Holy Innocent's Day: Love is Disarming

Today we remember the Holy Innocents of Bethlehem, from Matthew’s tale of Jesus’ birth, who were killed by a paranoid King Herod. The most important reflection on this story has always been Dutch Roman Catholic theologian Edward Schillebeeckx’. The set up to these words is his talking about the birth stories as post-resurrection stories (like all of the gospels):

Then nothing was too much. Angels, stars, wise men from the east, “astrologers,” but also simple people and shepherds, everything and everyone was summoned to offer praise to God.

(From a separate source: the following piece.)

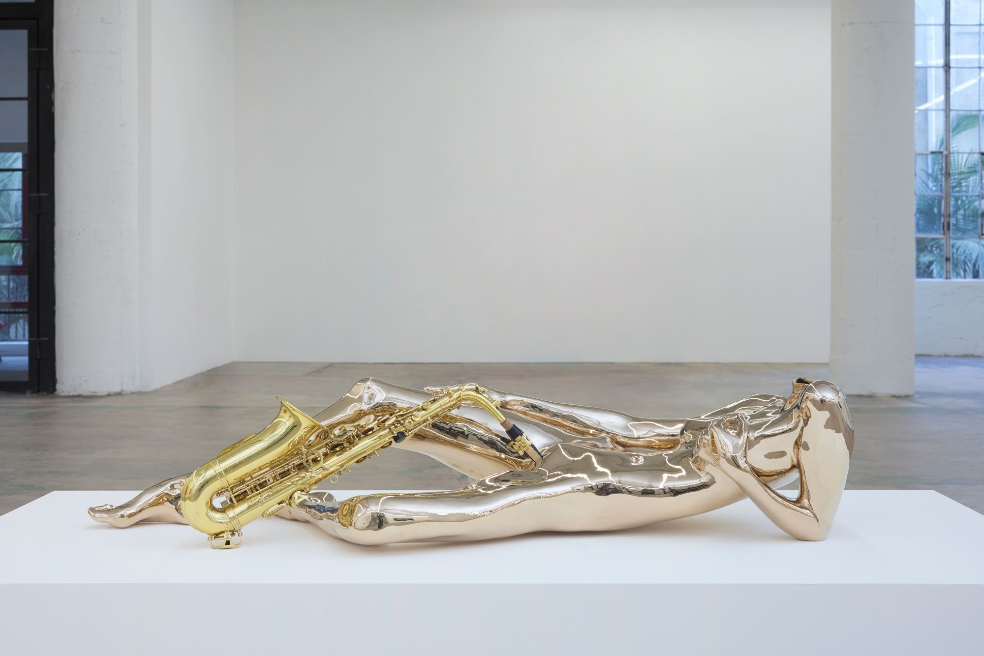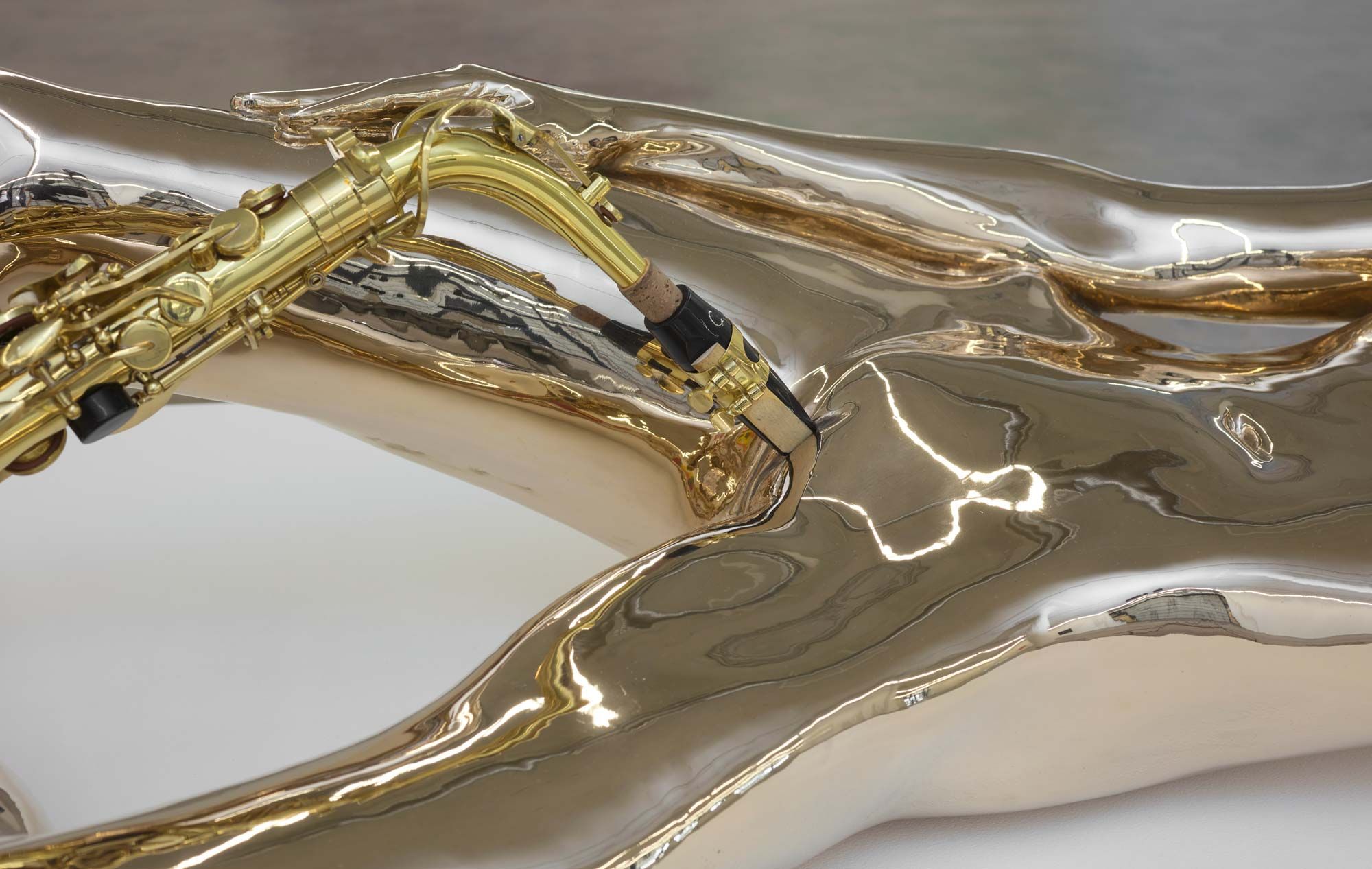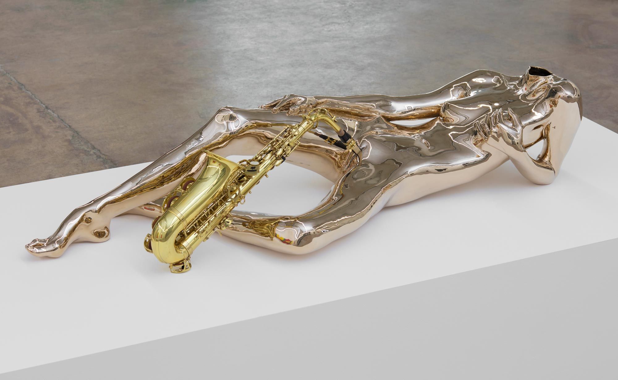 It made sense to me that a rape would be so central to western art’s birth story. And so I decided to fuck with this story to begin my Orgy. The first sculpture in Orgy For 10 People In One Body is a transmutation of the Leda and the Swan myth. In this sculpture, I perform Leda in a cast bronze of my body, while Zeus is represented by a saxophone that I play with my pussy. The beak of the saxophone as swan is connected to my body at the lips of my vagina, and in this rendition all the power in the brass saxophone is being usurped by the bronze body. The saxophone swan is being played by the female figure, and from some angles the swan itself becomes a phallus, another extension of the power and freedom embedded in the body.

At the same time, people felt that this Jesus must inevitably be a stumbling block for the powerful of the earth, people who seem only to be put off by other people’s goodness and therefore become aggressive. When pure goodness appears, without the sentimentality of mediaeval views of the crib, all the opposing forces of the earth do in fact join together. “They come to search for the child, to destroy him” (Matt. 2:13). Love is disarming. That is, people can be won over by it, or, it makes those who are evil even worse. The theme of the massacre of the innocents in Bethlehem has more human truth than the historian can ever discover. Faced with love which shows itself to be unarmed—and not knowing that it is love—the human reaction is either unconditional surrender or panic fear which will do anything to strengthen its own position of power, even to the point of killing all young children who are two years old and younger (Matt. 2:16). Any threat, possible or imagined, is exterminated.

Love in fact becomes the definition of heaven and hell, already on earth in the midst of our history, and therefore for ever. The first generation of Christians understood this well…


From his sermon "God who visits his people," in God Among Us: The Gospel Proclaimed, pp. 11-12.